Record set Start Marker

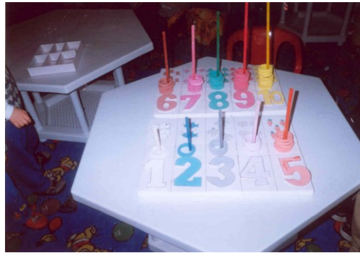
Fig.3. To prepare exercises on classification and ordering
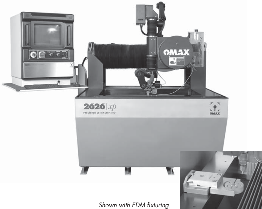
Shown with EDM fixturing.
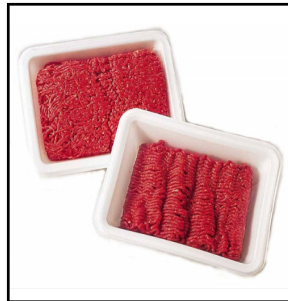
Cryovac® Case Ready Packaging Systems
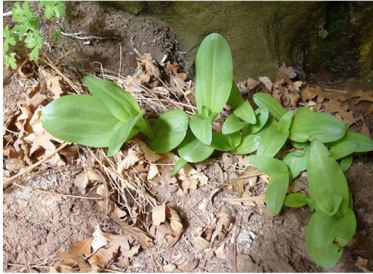
Hanging garden habitat in Utah and plant closeups (S. Topp)
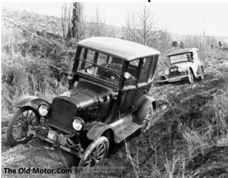
The Old Motor.Com
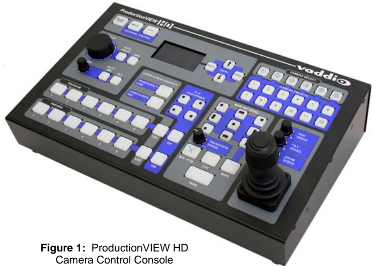
Figure 1: ProductionVIEW HD Camera Control Console

In our relentless drive to redefine camera control, Vaddio introduces the ProductionVIEW HD multi-camera control system. Designed to handle the most demanding live broadcast or staging events, it's still simple enough to allow a novice to shoot like a pro. ProductionVIEW HD integrates PTZ camera control and multi-format HD/SD live switching with real-time graphics and effects into one easy-to-use control console.
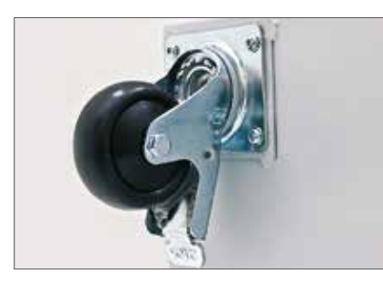
Castors, levelling feet Prepared for mounting castors and levelling feet. Levelling feet are part of the cabinet supply.
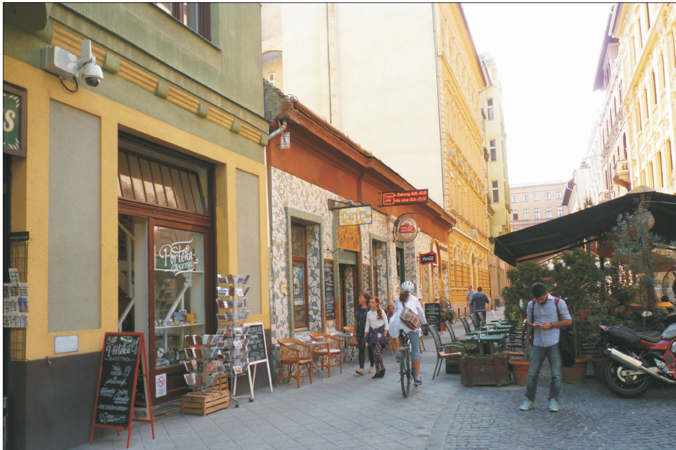
Photo 6. Typical consumption spaces of students and young intellectuals in the inner-part of Józsefváros

According to our findings, the consumption practices and patterns of students and long-term residents are quite different – which is a significant element of the parallel lives of various age/social groups ( Photo 6 ).
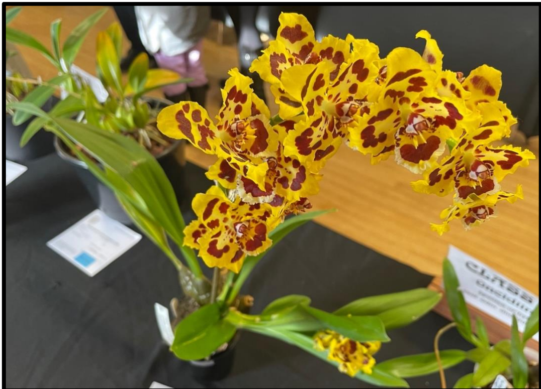
Class 11. Oncidium Col de la Rocque
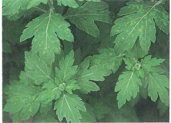
Yellowish blotches on upper leaf surfaces

Record set End Marker

* _Work order_
Among the entries above, which lines include "part"? List them all.

* _Output_
Castors, levelling feet Prepared for mounting castors and levelling feet. Levelling feet are part of the cabinet supply.
Photo 6. Typical consumption spaces of students and young intellectuals in the inner-part of Józsefváros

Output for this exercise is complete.